The slip water content that is used for solar energy polycrystalline silicon ingot casting crucible that the present invention makes is lower than 10%, viscosity is low, solid content is up to more than 90%, slip does not almost have precipitation separation, and the green density of making is higher, and the blank yield rate is higher, this invention slip prescription contains larger particles simultaneously, product shrinks very for a short time behind the sintering, and shrinking percentage has only 5 ‰-6 ‰, is not easy distortion and softening; The content of SiO2 is greater than 99.8% in the prepared slip, content<500ppm of Al, content<20ppm of Na.

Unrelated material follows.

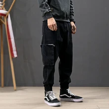 Related Product for Japanese Style Fashion Men Jeans Casual Joggers Pants Black Loose Fit Designer Hip Hop Pants hombre Streetwear Cargo Pants Men
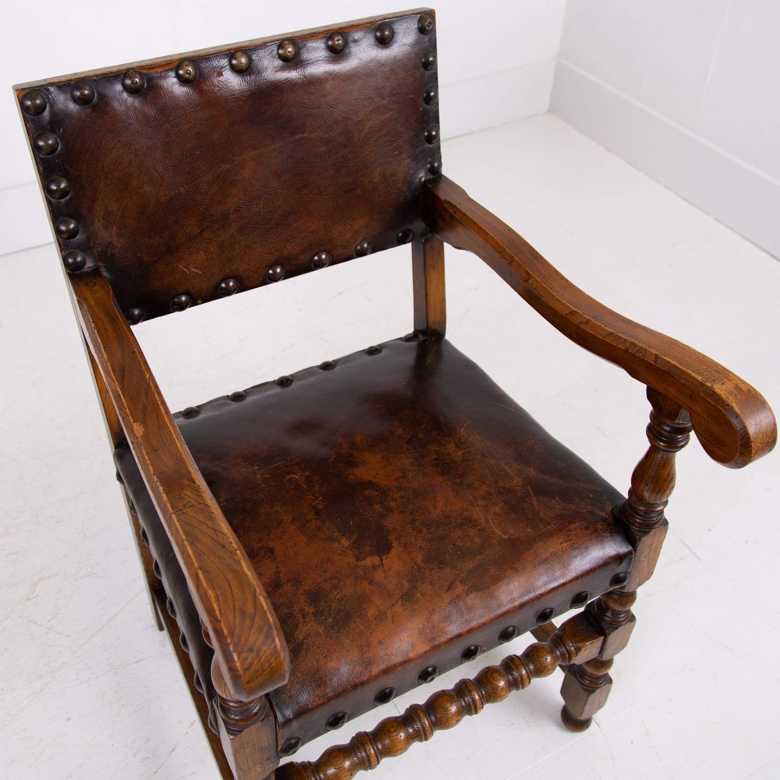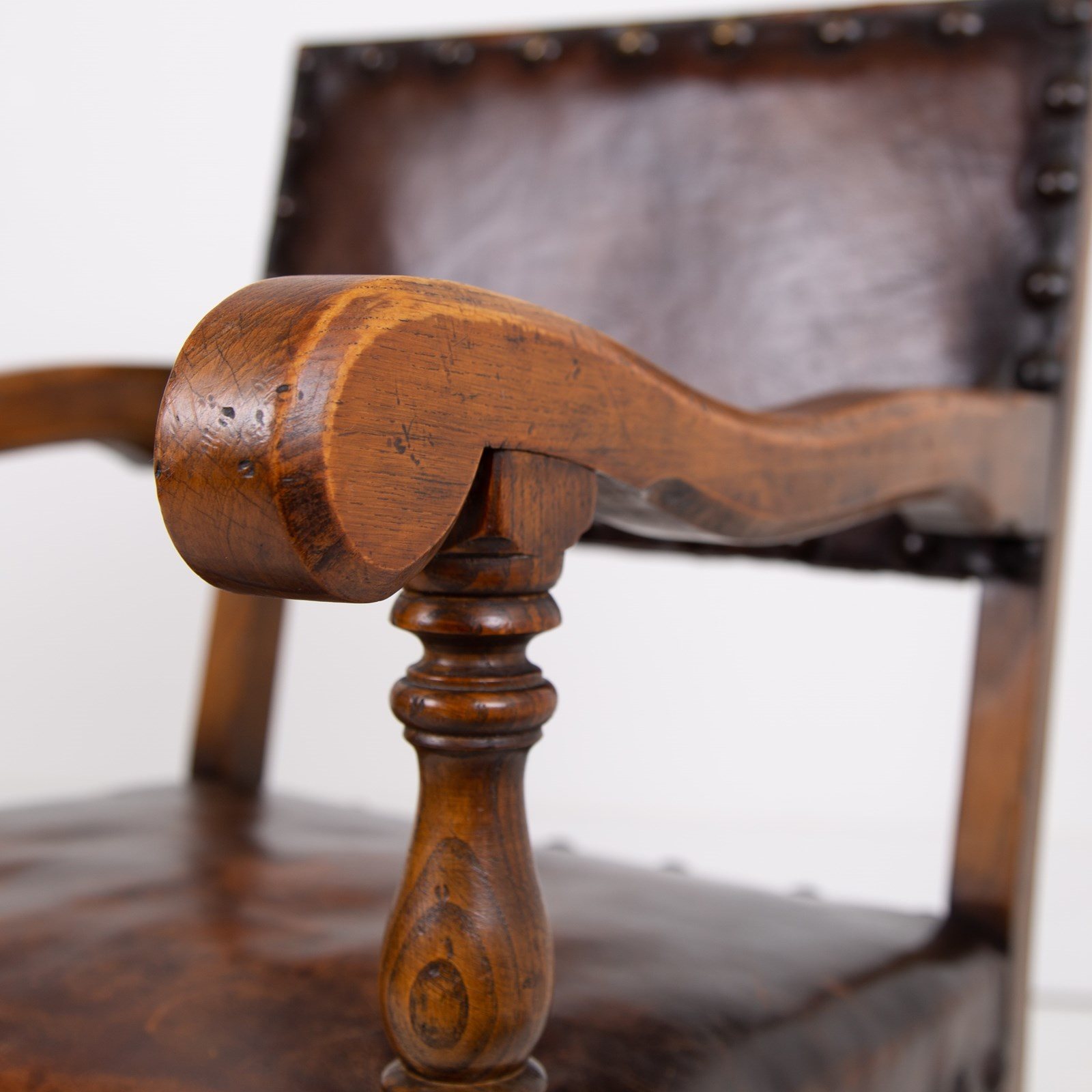 The set of 4 plus 2 carvers sit in a very similar condition. The heavy set and carved frames have sensible and desirable historic wear and the leather seats are showing some pleasing wear with no holes or splits to seats or backs, one tiny nick on one corner of one seat and all offering good support with tight webbing and natural filling - all in good order. We have ensured the set is ready to place and use.

The size distribution of the slip for preparing is:
D10=1.29-2.75μm D50=93.56-96.24μm D90=48.37-52.64μm
The slip performance perameter
PH=2.4~3.2 slip T (° C)=25-32 density (g/cm 3)=1.93-1.99 viscosity (cp)<2000 degree of mobilization (diameter mm)/24 hours precipitations of 60s=100-110 (mm)=3-8
Embodiment:
Embodiment 1
1, choose raw material:
The particle diameter test result of the quartz particles of getting (unit: μ m)
Sample D10 D50 D90
Quartz particles A 1.793 7.548 35.175
Quartz particles B 3.951 25.167 86.011
Quartz particles C 91.267 257.332 707.108
Quartz particles D 0.058 0.107 0.359
2, in mixer, add quartz particles D 16.72Kg, the alumina balls 76kg of particle diameter 30mm:40mm:50mmz mass ratio=2:3:5, quartz particles C 14.34kg, lactic acid 154 g, tartrate 360g, pure water 44kg begins batch mixing 7h with the rotating speed of 30r/min, and the rotating speed with 15r/min continues batch mixing 12h then;
3, add quartz particles A 179.96Kg, Xylo-Mucine 3. 58g begin batch mixing 3h with the rotating speed of 50r/min, and the rotating speed with 12r/min continues batch mixing 45h then;
4, add quartz particles C 152.85kg, with 50r/min batch mixing 0.5h;
5, add quartz particles B 64.68kg, with furnishing 5r/min behind the rotating speed batch mixing 4h of 30r/min, the material 100h that wakes up makes slip.
The content of SiO2 is 99.82% in the slip, and the content of Al is 386ppm, and the content of Na is 14.8ppm; Size distribution is D10=1.31, D50=94.78, and D90=49.30, water content is 9.3%, solid content is 90.7%, product shrinking percentage 5 ‰ behind the sintering.
The performance perameter of slip is as shown in the table
The performance title pH Slip T (° C) Density (g/cm 3 Viscosity (cP) Degree of mobilization (diameter mm)/60s 24 hours precipitations (mm)
Performance perameter 2.57 30.6 1.97 1860 104 6
Embodiment 2
1, choose raw material:
The particle diameter test result of the quartz particles of getting (unit: μ m)
Sample D10 D50 D90
Quartz particles A 2.315 9.998 40.077
Quartz particles B 4.913 27.315 93.183
Quartz particles C 101.284 283.116 727.164
Quartz particles D 0.083 0.169 0.429
2, in mixer, add quartz particles D 10Kg, the alumina balls 48kg of particle diameter 30mm:40mm:50mm mass ratio=2:4:6, quartz particles C 20kg, lactic acid 10g, tartrate 180g, pure water 19kg begins batch mixing 3h with the rotating speed of 50r/min, and the rotating speed with 25r/min continues batch mixing 15h then.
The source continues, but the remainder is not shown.